# Wie kommt ihr ans Wasser.



## Nils Lesniak (3. April 2006)

Ich wollte mal wissen wie ihr ans Wasser kommt? 
(Fahrrad,Auto oder Roller)


Nils


----------



## angelfreak1990 (3. April 2006)

*AW: Wie kommt ihr ans Wasser.*

hi ich komm mit meinem roller ab und zu ans wasser ( mbk nitro / Yamaha aerox , is das selbe  )


----------



## bodenseepeter (3. April 2006)

*AW: Wie kommt ihr ans Wasser.*

Auto, Fahrrad, Füsse!
Allerdings haben mir irgenwelche Ar***krampen schon bei Variante 1 & 2 die Reifen zerstochen.


----------



## Nike (4. April 2006)

*AW: Wie kommt ihr ans Wasser.*

komm mitn Rad + Gig (Radanhänger) hin. Der Anhänger hat sogar n´Deckel zum Runterklappen. Da hab ich ein Loch reingeschnitten und so kann ich alles transportieren und die angeln sind innen und werden einfach durch das Loch gesteckt.

mfg Nike


----------



## Fisch1000 (4. April 2006)

*AW: Wie kommt ihr ans Wasser.*

Per Bus!!!

Fisch1000


----------



## Janick (4. April 2006)

*AW: Wie kommt ihr ans Wasser.*

Mit dem Rad oder zu Fuss:g


----------



## Sveni90 (4. April 2006)

*AW: Wie kommt ihr ans Wasser.*

Fahrrad(zeihmlich doof mit nem 2m futteral)
oder zu fuß halt aber wenn ich dann am teich bin brech ich vor Erschöpfung zusammen.


----------



## carp-devil (4. April 2006)

*AW: Wie kommt ihr ans Wasser.*

Ich bin da aufgrund des vielen Tackles auf das "Taxi Mama" angewiesen :m


----------



## Baddy89 (4. April 2006)

*AW: Wie kommt ihr ans Wasser.*

Auto Papa 
Oder Fahrrad und den schweren,fetten Anhänger (Man könnte ja was zu wenig mitnehmen...)


----------



## meerforelle 33 (5. April 2006)

*AW: Wie kommt ihr ans Wasser.*

Mit dem Auto

                   Eike


----------



## FoolishFarmer (5. April 2006)

*AW: Wie kommt ihr ans Wasser.*

Natürlich mim Auto - siehe auch hier: http://www.anglerboard.de/board/showthread.php?t=18739 |rolleyes


----------



## tim_carp (5. April 2006)

*AW: Wie kommt ihr ans Wasser.*

Bevor ich 16 war, bin ich mit Fahrrad gefahren, danach 2 Jahre lang mit Moped (zumindest zum Spinnangeln, viel Angelkram kriegt man da nämlich nich mit  ).
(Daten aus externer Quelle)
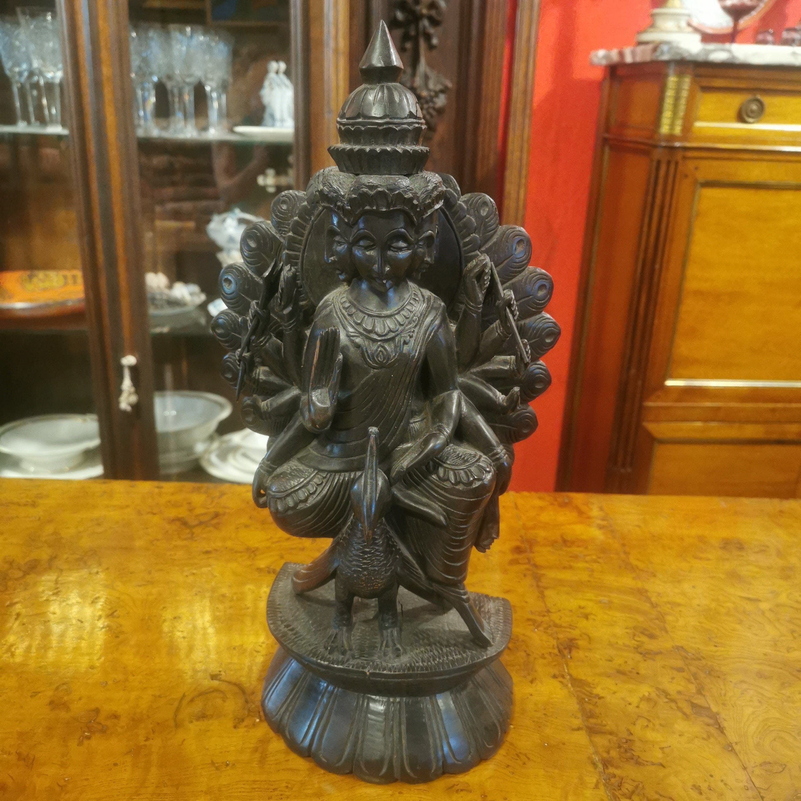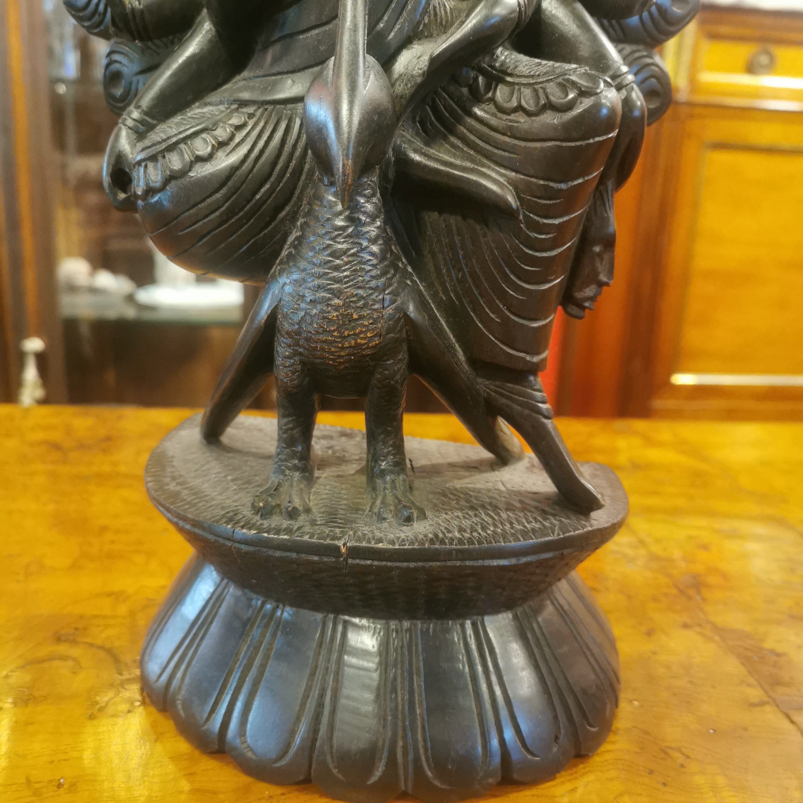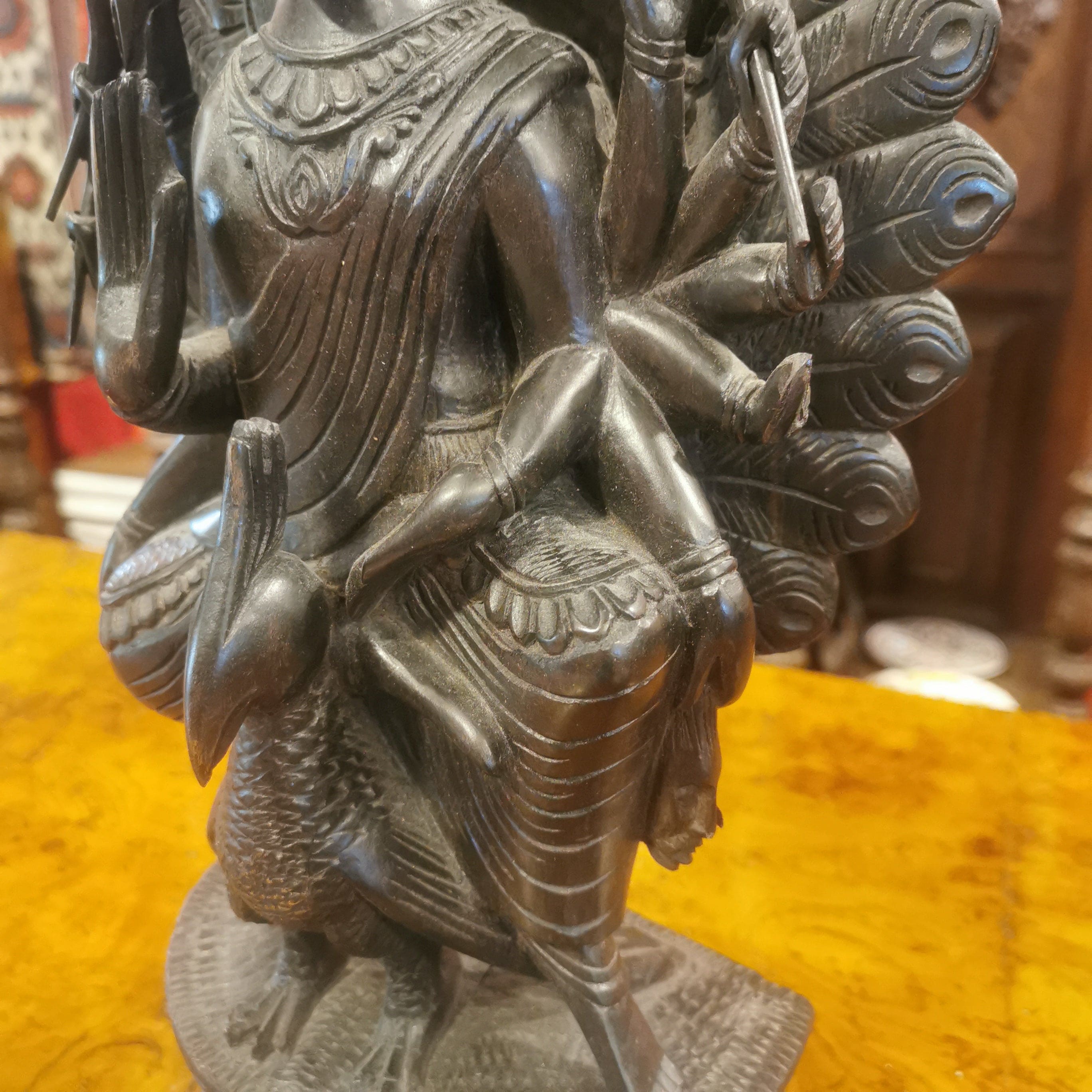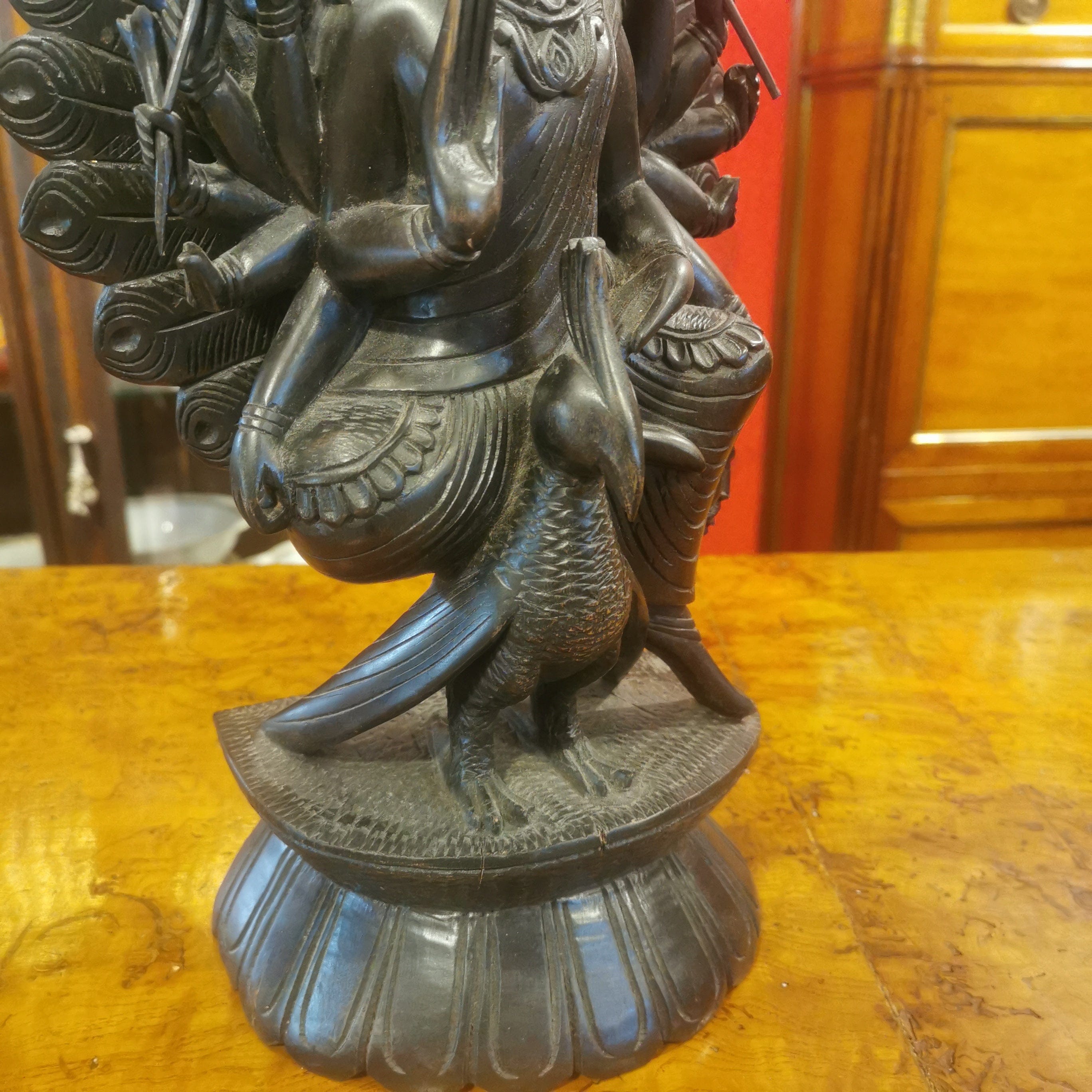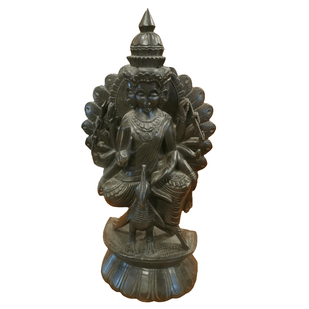 Figura de madera de fierro, representando al Dios hindú de la guerra Kartikeya. Kartikeya es el comandante en jefe del ejército de los dioses, y se le representa con armas como la lanza, la espada, la jabalina, el disco, la maza y el arco. Su montura es un pavo real, que simboliza la destrucción del ego.

Seit letztem März ist die goldene Zeit angebrochen: Ich besitze ein Auto nebst Führerschein :k


----------



## schakal1182 (5. April 2006)

*AW: Wie kommt ihr ans Wasser.*

Ich fahr immer mit meinem Liebling zum angeln - so verbindet man das eine Hobby mit dem anderen :q


----------



## Heiko112 (5. April 2006)

*AW: Wie kommt ihr ans Wasser.*

Hiermit. 







Und für die Holländischen gewässer hab ich non das Teil da unter meinem Namen.


----------



## Ronen (5. April 2006)

*AW: Wie kommt ihr ans Wasser.*

Füttern fahr ich mit meiner Schwalbe.... und angeln mit dem auto. Anders würde ich mein Zeugs net ans wasser bekommen.


----------



## zander55 (6. April 2006)

*AW: Wie kommt ihr ans Wasser.*

Mit dem Fahrrad oder zu Fuß. Wenn ich viel Takle mitnehem muss, wenn ich z.B. 2 Tage oder mehr am Wasser bleibe noch zusätzlich einen Fahrradanhänger.


----------



## Makreli (6. April 2006)

*AW: Wie kommt ihr ans Wasser.*

:q :q :q :q Nim doch die Bahn oder Bus oder Taxi!:q :q :q :q


----------



## Schlei (7. April 2006)

*AW: Wie kommt ihr ans Wasser.*

was für kleine fahrad- moped- rolleranhänger habt ihr das ihr nicht alles mit kriegt . ich fahre mit dem fahrrad oder mama taxi


----------



## Makreli (7. April 2006)

*AW: Wie kommt ihr ans Wasser.*

ich nehme die Rutentasche und den Rucksack und dann in Bus oder mit Farrad(wenn es wieder heil ist) oder werde gefahren!


----------



## Fischfütterer (8. April 2006)

*AW: Wie kommt ihr ans Wasser.*

Das Problem hab ich selten!

Viel schlimmer: Wie komm ich da wieder weg???|kopfkrat 

Fahre meistens bis an meinen Angelplatz. Da mein Bus aber Heckantrieb und ASR (Anti Spaß Regelung) hat, und durch sein hohes Eigengewicht (2,2t) sehr schnell im Dreck versinkt, kam ich des öfteren ohne fremde Hilfe dort nicht mehr weg! #c 

Selbst nachdem ich mir eine E-Winde mit 5t Zugkraft zugelegt habe, ist mir derartiges noch öfter passiert! 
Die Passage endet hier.